START Task inputs
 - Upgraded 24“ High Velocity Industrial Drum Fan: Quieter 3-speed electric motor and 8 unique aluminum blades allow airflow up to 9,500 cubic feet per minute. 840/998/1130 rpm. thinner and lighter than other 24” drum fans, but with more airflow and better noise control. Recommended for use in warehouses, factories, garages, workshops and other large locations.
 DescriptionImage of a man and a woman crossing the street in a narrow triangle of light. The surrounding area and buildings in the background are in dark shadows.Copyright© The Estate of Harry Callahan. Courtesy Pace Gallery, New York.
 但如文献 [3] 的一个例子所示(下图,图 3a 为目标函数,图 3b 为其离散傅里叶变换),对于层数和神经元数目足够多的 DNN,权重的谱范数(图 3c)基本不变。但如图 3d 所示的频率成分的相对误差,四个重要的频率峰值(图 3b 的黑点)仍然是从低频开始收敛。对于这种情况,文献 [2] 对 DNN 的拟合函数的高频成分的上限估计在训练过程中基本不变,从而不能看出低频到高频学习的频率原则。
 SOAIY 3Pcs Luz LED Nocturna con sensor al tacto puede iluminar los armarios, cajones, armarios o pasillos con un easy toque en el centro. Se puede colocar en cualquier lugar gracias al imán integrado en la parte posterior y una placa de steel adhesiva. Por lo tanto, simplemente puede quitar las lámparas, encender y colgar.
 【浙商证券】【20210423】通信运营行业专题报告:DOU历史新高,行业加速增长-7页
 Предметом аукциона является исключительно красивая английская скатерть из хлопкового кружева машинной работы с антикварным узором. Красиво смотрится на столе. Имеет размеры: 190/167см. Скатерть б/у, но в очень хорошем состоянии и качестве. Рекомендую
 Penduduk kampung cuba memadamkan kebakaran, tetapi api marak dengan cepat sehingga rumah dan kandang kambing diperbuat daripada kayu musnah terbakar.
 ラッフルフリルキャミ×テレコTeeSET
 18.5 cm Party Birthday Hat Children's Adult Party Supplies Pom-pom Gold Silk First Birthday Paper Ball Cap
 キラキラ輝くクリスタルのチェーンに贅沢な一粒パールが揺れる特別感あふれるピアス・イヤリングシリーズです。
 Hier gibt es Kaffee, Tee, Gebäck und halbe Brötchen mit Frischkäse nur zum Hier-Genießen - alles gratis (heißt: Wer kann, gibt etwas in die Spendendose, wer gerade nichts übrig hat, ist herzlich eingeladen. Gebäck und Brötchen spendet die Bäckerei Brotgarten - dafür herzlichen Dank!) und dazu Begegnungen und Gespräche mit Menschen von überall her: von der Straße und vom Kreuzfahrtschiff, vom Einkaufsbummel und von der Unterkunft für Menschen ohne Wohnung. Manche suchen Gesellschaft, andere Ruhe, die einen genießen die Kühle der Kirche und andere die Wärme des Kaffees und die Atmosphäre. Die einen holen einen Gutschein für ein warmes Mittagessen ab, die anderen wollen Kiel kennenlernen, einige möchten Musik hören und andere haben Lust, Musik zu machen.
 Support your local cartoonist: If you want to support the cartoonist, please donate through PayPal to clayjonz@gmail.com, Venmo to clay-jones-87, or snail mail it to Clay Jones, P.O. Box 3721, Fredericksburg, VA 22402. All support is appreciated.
END Task inputs
> **Work to be completed**
An exact copy of the data, with every line intact, is the required answer.

> **Answer to the exercise**
 - Upgraded 24“ High Velocity Industrial Drum Fan: Quieter 3-speed electric motor and 8 unique aluminum blades allow airflow up to 9,500 cubic feet per minute. 840/998/1130 rpm. thinner and lighter than other 24” drum fans, but with more airflow and better noise control. Recommended for use in warehouses, factories, garages, workshops and other large locations.
 DescriptionImage of a man and a woman crossing the street in a narrow triangle of light. The surrounding area and buildings in the background are in dark shadows.Copyright© The Estate of Harry Callahan. Courtesy Pace Gallery, New York.
 但如文献 [3] 的一个例子所示(下图,图 3a 为目标函数,图 3b 为其离散傅里叶变换),对于层数和神经元数目足够多的 DNN,权重的谱范数(图 3c)基本不变。但如图 3d 所示的频率成分的相对误差,四个重要的频率峰值(图 3b 的黑点)仍然是从低频开始收敛。对于这种情况,文献 [2] 对 DNN 的拟合函数的高频成分的上限估计在训练过程中基本不变,从而不能看出低频到高频学习的频率原则。
 SOAIY 3Pcs Luz LED Nocturna con sensor al tacto puede iluminar los armarios, cajones, armarios o pasillos con un easy toque en el centro. Se puede colocar en cualquier lugar gracias al imán integrado en la parte posterior y una placa de steel adhesiva. Por lo tanto, simplemente puede quitar las lámparas, encender y colgar.
 【浙商证券】【20210423】通信运营行业专题报告:DOU历史新高,行业加速增长-7页
 Предметом аукциона является исключительно красивая английская скатерть из хлопкового кружева машинной работы с антикварным узором. Красиво смотрится на столе. Имеет размеры: 190/167см. Скатерть б/у, но в очень хорошем состоянии и качестве. Рекомендую
 Penduduk kampung cuba memadamkan kebakaran, tetapi api marak dengan cepat sehingga rumah dan kandang kambing diperbuat daripada kayu musnah terbakar.
 ラッフルフリルキャミ×テレコTeeSET
 18.5 cm Party Birthday Hat Children's Adult Party Supplies Pom-pom Gold Silk First Birthday Paper Ball Cap
 キラキラ輝くクリスタルのチェーンに贅沢な一粒パールが揺れる特別感あふれるピアス・イヤリングシリーズです。
 Hier gibt es Kaffee, Tee, Gebäck und halbe Brötchen mit Frischkäse nur zum Hier-Genießen - alles gratis (heißt: Wer kann, gibt etwas in die Spendendose, wer gerade nichts übrig hat, ist herzlich eingeladen. Gebäck und Brötchen spendet die Bäckerei Brotgarten - dafür herzlichen Dank!) und dazu Begegnungen und Gespräche mit Menschen von überall her: von der Straße und vom Kreuzfahrtschiff, vom Einkaufsbummel und von der Unterkunft für Menschen ohne Wohnung. Manche suchen Gesellschaft, andere Ruhe, die einen genießen die Kühle der Kirche und andere die Wärme des Kaffees und die Atmosphäre. Die einen holen einen Gutschein für ein warmes Mittagessen ab, die anderen wollen Kiel kennenlernen, einige möchten Musik hören und andere haben Lust, Musik zu machen.
 Support your local cartoonist: If you want to support the cartoonist, please donate through PayPal to clayjonz@gmail.com, Venmo to clay-jones-87, or snail mail it to Clay Jones, P.O. Box 3721, Fredericksburg, VA 22402. All support is appreciated.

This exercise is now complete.